The milky clouds in the sky are actually the edge of the Milky Way. [Photo: Patrick Bora]

A galaxy is a collection of stars and their planetary systems, gas and dust, and dark matter. Gravity holds it all together. Our galaxy is called the Milky Way.

This article has some links to pictures. If you click on the link, you can come back to the article by clicking the back arrow on the navigation bar.

The Milky Way Galaxy is also called “the Galaxy”.
The Milky Way isn’t the only galaxy. There are billions of them, but a century ago people didn’t know that. If we capitalize Galaxy, it means the Milky Way Galaxy.

The Milky Way is big.
There are galaxies much bigger than the Milky Way, but it has probably between 200 billion and 400 billion stars. That's a lot.

The Milky Way is a spiral galaxy with a disk, a bulge, a nucleus and a halo.
We can’t get outside the Galaxy to see it, but it might look something like this galaxy NGC 6744. And here is an edge-on diagram of a spiral galaxy. [Photo NGC 6744: Daniel Verschatse]

The Galaxy has a flat disk.
The disk is about a thousand light years thick. Since a light year is about ten trillion kilometers (six trillion miles), that may not sound very flat. But the diameter of the disk is 150,000-200,000 light years, so it is shaped rather like a giant CD. The spiral arms are in the disk – that's where we live.

New stars are being born in the spiral arms.
The hottest young stars are blue and they give the spiral arms a blue color. There are also lanes of dust in the disk. The dust hides the Galactic Center from us, but dust is the material for making new stars. (The central part of a galaxy is called the nucleus.)

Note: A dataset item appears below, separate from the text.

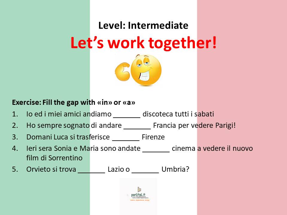 Il Verbo Andare Si Usa Insieme Alla Preposizione In Con I Nomi Di Nazioni Continenti Regioni I Nomi Di Alcuni Luoghi I Nomi Di Ne Grammatica Impar
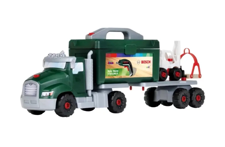 Ciężarówka pochodzi z serii zabawek Bosch mini powstałej na licencji firmy Bosch, dlatego też narzędzia wchodzące w jego skład są wiernymi kopiami faktycznie istniejących narzędzi tej marki. Ciężarówka zapewni mnóstwo świetnej zabawy. Pojazd może składać i rozmontowywać do woli, a wszystko to dzięki dołączonej do zestawu zabawkowej wkrętarce Ixolino II. Wkrętarka wymaga użycia baterii, które nie są częścią zestawu. Zestaw składa się z 86 części i umożliwia stworzenie wielu pojazdów, dzięki czemu zabawa nie będzie miała końca. Pojazd ciężarowy wyposażony został w zdejmowaną skrzynkę na narzędzia, więc dojazd do miejsca, gdzie potrzebna jest naprawa będzie niezwykle prosty. Duża ciężarówka od firmy Klein to świetny pomysł na prezent dla chłopców, którzy lubią zabawę w majsterkowanie. Pojazd ma aż 47 centymetrów długości z możliwością rozbudowy, aż do 70 centymetrów. Samochód ma kompletnie załadowaną skrzynię narzędziową, w której znajduje się wszystko, co jest niezbędne do dobrej zabawy. Zawarte w zestawie narzędzia pozwolą maluchom zmienić tą ciężarówkę w duży transporter, który może pomieścić dźwig, wózek widłowy i paletę. Zabawka wykonana jest z wysokiej jakości tworzywa sztucznego, dzięki czemu jest w pełni bezpieczna dla najmłodszych dzieci. Dbałość o szczegóły i solidne wykonanie auta sprawią, że będzie ono dzieciom służyć przez długi czas. Podczas zabawy dzieci rozwijają kreatywność a także ćwiczą zręczność i motorykę.

In the middle of the disk is the bulge and the nucleus.
The bulge is a slightly squashed ball of stars about 13,000 light years across. The bulge stars are older than the disk stars. For example, the Sun is five billion years old, but the stars in the bulge are at least seven billion years old. In the nucleus, the Galactic Center hides a black hole with over four million times the mass of the Sun. We can’t see it, but we know it's there because its gravity affects stars that we can see.

The halo is a ball of stars and globular clusters surrounding the Galaxy.
A globular cluster is a large collection of stars whose gravity pulls them into the shape of a globe. The halo stars are the oldest in the Galaxy, at least 12 billion years old.

Most of the Milky Way is made of dark matter.
Outside the visible halo is a halo of dark matter. As with black holes, we can’t see dark matter. In fact, astronomers don’t know what it is. They only know that its gravity affects the matter we can see. From the way it affects the rotation of the Galaxy, the dark matter must be 80-95% of the mass of the Milky Way.

The Milky Way has satellites.
Planets have moons as satellites, and galaxies have smaller galaxies as satellites. The Milky Way has at least 14 satellites. The best known ones are the Large Magellanic Cloud and the Small Magellanic Cloud. They are easily seen in the southern hemisphere.

It’s made of stars!
When we look at the constellations, we are looking out of the disk to stars in our part of the Galaxy. But from a dark place we can see the Galaxy’s disk edge-on. It looks like a milky white band dividing the sky, and this bit has traditionally also been called the Milky Way. In this picture, you can see the the arch of the Milky Way and under it, the Magellanic Clouds. In 1610 Galileo looked at it through his new telescope and was the first person to realize that it was made of stars. [Photo: Jingyi Zhang]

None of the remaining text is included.